Disney has thus far spent this year the best part of $2bn on ‘content impairment charges’,
so it can remove over 40 exclusive shows and movies from its Disney+ services. It’s done some sums, and worked out that through the miracle of Corporate Accounting ™, it’s cheaper to pay billions to remove shows than to keep them on its service.
Much has been written –
including on this very site – about how programmes such as the high-profile
Willow were removed from Disney+ in May. But the really worrying thing I’d suggest isn’t the removal and adding of shows and films, it’s the taking away of any way at all to watch them.
When streaming sprung up, there was an idyllic moment where it felt for a while that it brought some degree of permanence to a movie. That not only would it give us access to umpteen films in seconds, but that they’d always be there.
That’s not always been the case, as the
Flixster Video debacle in the UK demonstrated. But it’s not a big stretch to believe that if Disney had made a show for its Disney+ service, it would, well, keep the show available on its Disney+ service.
That is, however, not so. And in the case of Disney, it reduced its physical media business to a shell of what it once was, meaning that all those productions it’s removed? You can’t even get the vast majority of them on disc. You can’t get them anywhere, to my eyes. That may change over time, but the more immediate threat
is a further proposed ‘content impairment charge’ of $400m, which suggests around a dozen more productions are for the chop. Whilst Disney has indicated it’s reversing the decline of its physical media output, it’s also trimming back its streaming service further.
The likes of
Star Wars and Marvel will be safe, of course. The big stuff, as a rule, always is. It’s the discoveries, the catalogue, the library, the hidden gems.
What we’re left with is a bunch of streaming services that primarily focus on the 10%. The 10% of films and television shows that are the most popular, or the most likely to get some degree of interest. The other 90%? Well, they’re part served by more niche streaming services – BFI Player, Mubi, Studiocanal Presents, Curzon, Britbox, Arrow et al – but there’s only so much they can do. Digital services also offer a number of films via video on demand too, and in truth, it’s a hell of a selection out there.
But it’s nowhere near permanent. The end of one rights deal, and a film can disappear. A bad set of quarterly results, and ‘content’ may need some ‘impairment’.

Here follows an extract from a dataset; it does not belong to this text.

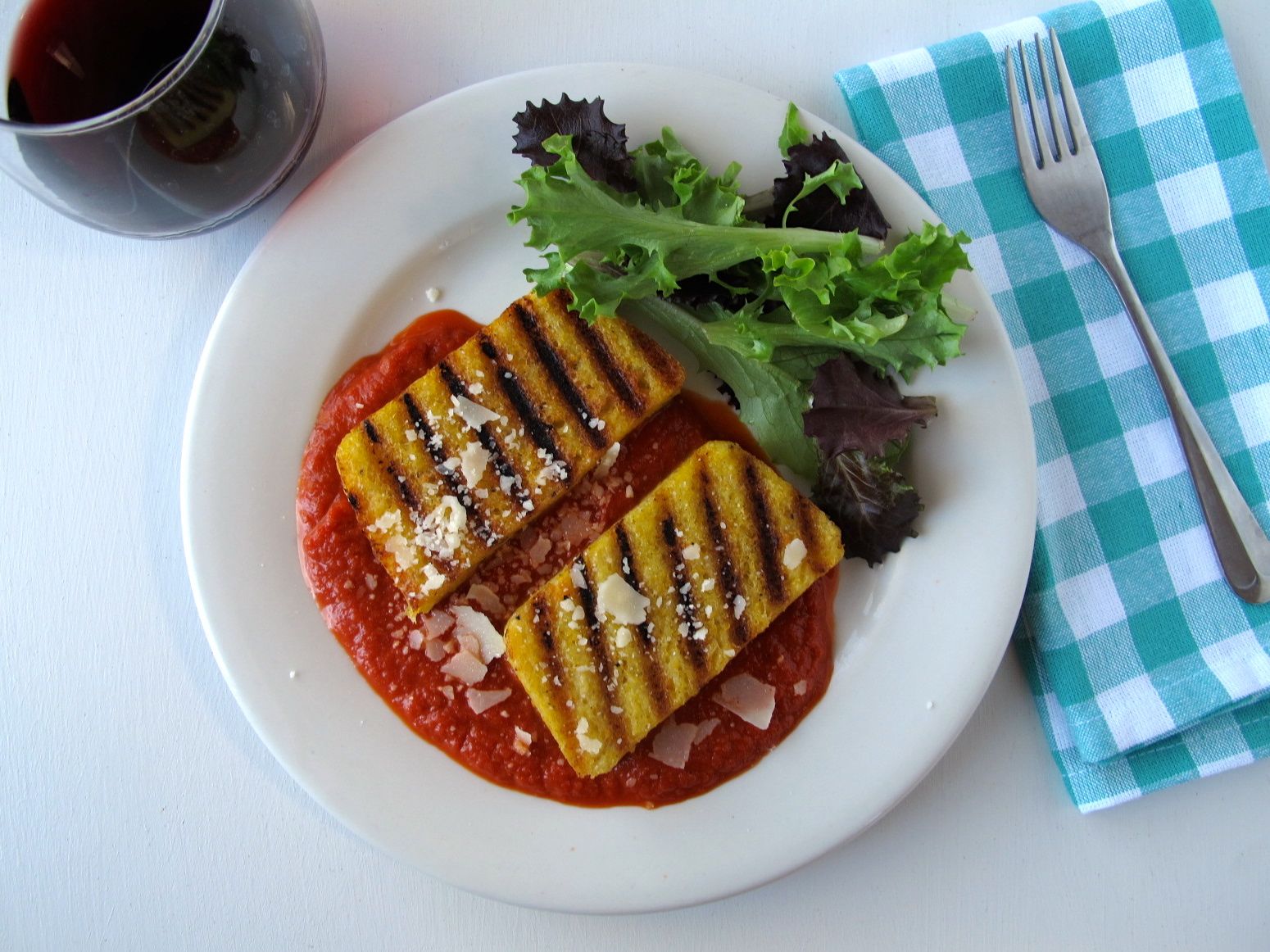 In one episode the host references the “tubes” of pre-cooked polenta, which I guess were just starting to appear in mainstream grocery stores when the show aired in the 80s, but he says it’s much nicer to make your own, and suggests pouring stovetop-cooked polenta into a loaf pan to cool and solidify into a rectangular block. To me, this seemed like the perfect solution for an easy dinner of grilled (rectangular) slices of polenta, without leaning on the storebought stuff. (The rectangular slices would also let you line a casserole dish for polenta ‘lasagna’ better than the circular slices would, although that’s something I still haven’t tried.)

It’s a regular drum we beat here, but with physical media – VHS, DVD, UMD (remember them?), Betamax, HD DVD, Laserdisc, Blu-ray and such like – nobody, however much they liked, could come into your home and remove a film. You had a copy, it was there.
Something’s got to give here, and maybe we’re at a turning point. Maybe the assumption has gone that the big streaming services, no matter how convenient they undoubtedly are, are reliable archivists of films. The vast majority simply aren’t. Under the way film rights are issued, it’s clear that it’s near impossible to be a long term reliable resource of films.
Disappointingly, some aren’t even interested in trying, it seems. Even with the material they make themselves.